Um coração em paz para não maltratar os fiéis
Para confessar – dirá anos mais tarde – requere-se que "o coração do sacerdote esteja em paz, que não maltrate os fiéis, que seja humilde, benevolente e misericordioso; que saiba semear esperança no coração e, sobre tudo, que seja consciente de que o irmão ou irmã que se aproxima do sacramento da reconciliação procura o perdão tal como faziam tantas pessoas com Jesus: para que os cure".
Uma grave e prolongada crise interior
Como sabemos, foi ele que o contou, Bergoglio padeceu em Córdoba uma grave e prolongada crise interior, em que provavelmente pensava quando nos Exercícios Espirituais que deu em La Plata em 1990 disse falando do homem que padece uma dupla solidão: "Por um lado sente a solidão em relação aos outros homens, é um estranho no caminho. Por outro lado é-lhe dado saborear a amargura da solidão diante de Deus. Está duplamente marginalizado, em relação a Deus e aos homens, e ao mesmo tempo não pode prescindir nem de Deus, porque o procura e se sente procurado por ele, nem dos homens porque a sua missão o põe ao serviço dos seus irmãos a quem procura amar como a si mesmo".
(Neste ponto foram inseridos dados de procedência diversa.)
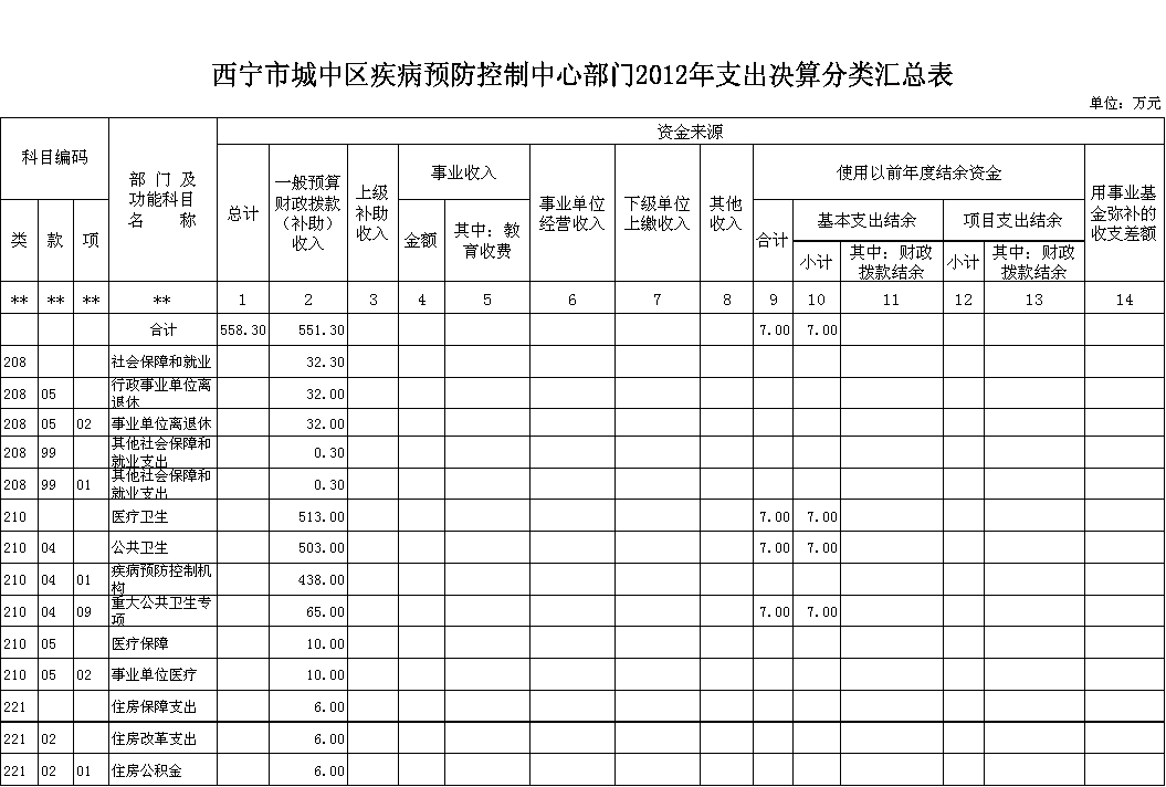 西宁市城中区疾病预防控制中心部门2012年支出决算分类汇总表

Noutro momento recordou a exortação de S. Inácio que diz aos seus jesuítas: "Aquele que está em desolação trabalhe de estar em paciência, que é contrária às vexações que lhe vêm e pense que em breve será consolado".
Andar na vida com paciência...
"Jesus entrou. Às vezes a vida leva-nos não a fazer mas a padecer, suportando as nossas limitações e as dos outros. Andar com paciência é deixar que o tempo paute e amasse a nossa vida. Devemos andar em paciência, sobre tudo ante o fracasso e o pecado, quando nos damos conta de que quebramos o nosso próprio limite. É um claudicar da pretensão de querer solucionar tudo. É preciso fazer um esforço, mas percebendo que o próprio não pode tudo. É preciso relativizar a mística da eficácia. A paciência não é quiestista ou passiva, mas implica suportar, aguentar nos ombros a história."
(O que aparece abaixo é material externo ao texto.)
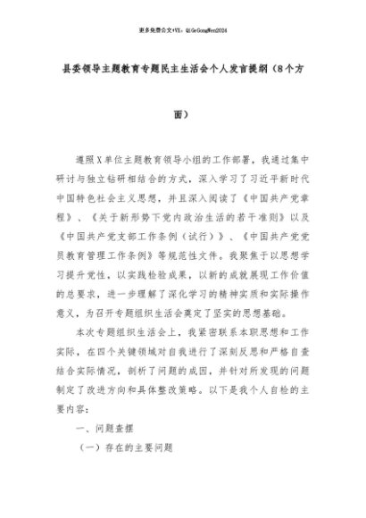 【七哥公文】2024年:县委领导主题教育专题民主生活会个人发言提纲(8个方面)+更多免费公文+VX:QiGeGongWen2024

Caluniaram-no e murmuraram contra ele.
A paciência é uma virtude procurada por Bergoglio, que se apoia nela em muitas ocasiões da sua vida, quando foi julgado temerariamente, o caluniaram e murmuraram contra ele, lhe fecharam portas, lhe levantaram obstáculos.
De Provincial a marginalizado...
Depois de ter iniciado aos 36 anos a sua carreira como o mais novo dos provinciais da Companhia, converteu-se num marginalizado, num exilado, num desterrado. Nesses anos negros, "fez o a sua aprendizagem como pastor, que foi chave para a formação desse coração de pastor que o converteu num líder espiritual tão diferente dos outros e tão próximo das pessoas" diz E. Himitian.